La structure, très classique, faite d’aller-retour entre un temps présent et le passé qui l’explique, est particulièrement bien adaptée au propos et parfaitement maîtrisée. Le narrateur est intéressant, l’auteur réussissant à le complexifier au fur et à mesure du récit, jusqu’à en faire personnage assez fascinant, pour lequel on oscille entre empathie et dégout ; une belle réussite.
Et bien entendu, l’originalité du roman vient du lieu, des paysages et des gens qu’il décrit. Réussissant à bien rendre l’horreur de la dictature, le chaos de la transition, les espoirs trahis et l’arrivée d’une mafia et d’une corruption qui finissent d’anéantir toute possibilité de sortir de la misère.

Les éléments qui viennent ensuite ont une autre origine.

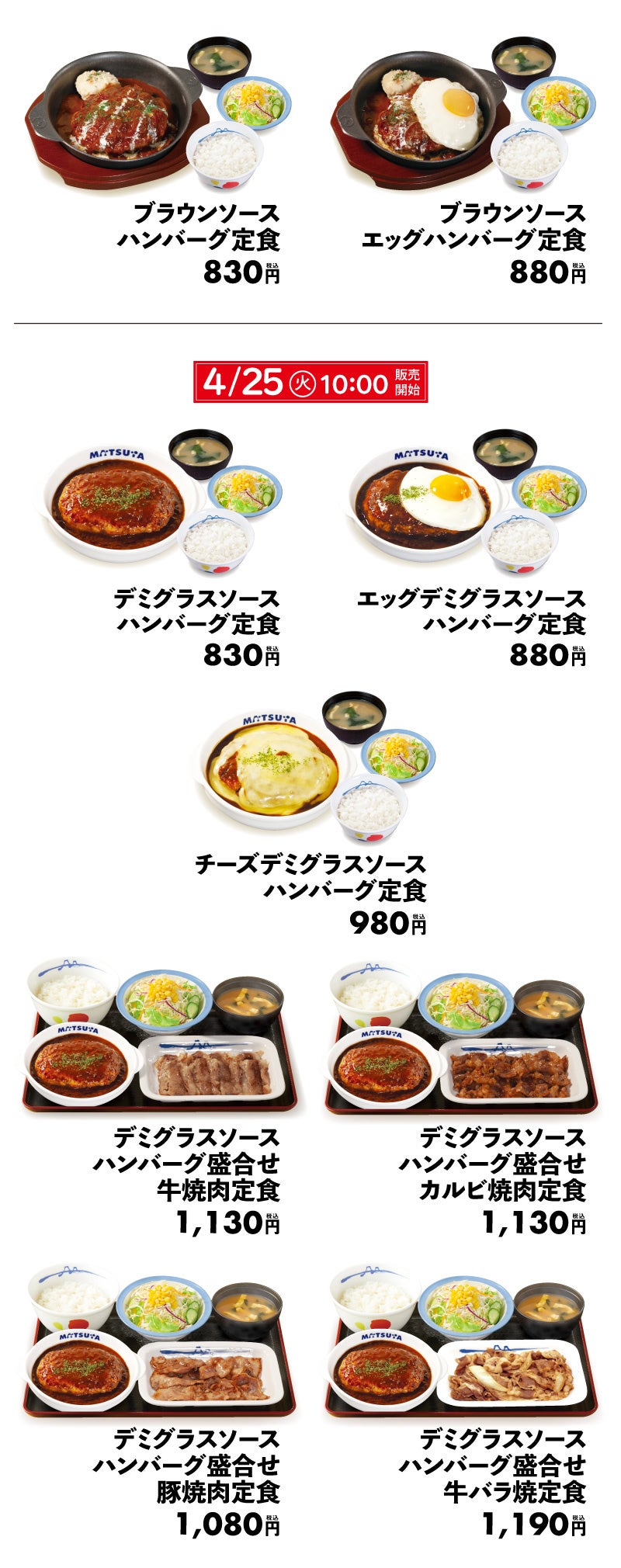 | 商品名 デミグラスソースハンバーグ定食 830円 エッグデミグラスソースハンバーグ定食 880円 チーズデミグラスソースハンバーグ定食 980円 デミグラスハンバーグ盛合せ豚焼肉定食 1,080円 デミグラスハンバーグ盛合せ牛焼肉定食 1,130円 デミグラスハンバーグ盛合せカルビ焼肉定食 1,130円 デミグラスハンバーグ盛合せ牛バラ焼定食 1,190円 ※お持ち帰りいただけます。お持ち帰りにみそ汁は付きません。 お持ち帰りの場合、みそ汁は別途60円でお求めいただけます。 ※税込み価格です。 発売日 2023年4月25日(火)午前10時 ~ |

Le tout de façon ramassée, efficace, sans pathos ni lourdeur.
Crise sur le gâteau, j’ai souri à cette référence glissée l’air de rien au détour d’une phrase : « Mon abri grisâtre était un fort, il dominait la plaine d’où l’ennemi viendrait, qui me ferait héros. », il y en a peut-être d’autres que j’ai ratées … Je vous laisse découvrir le double hommage.
Une belle découverte en ce début d’année que ce roman d’un auteur français qui a l’air de savoir de quoi il parle quand il écrit sur l’Albanie.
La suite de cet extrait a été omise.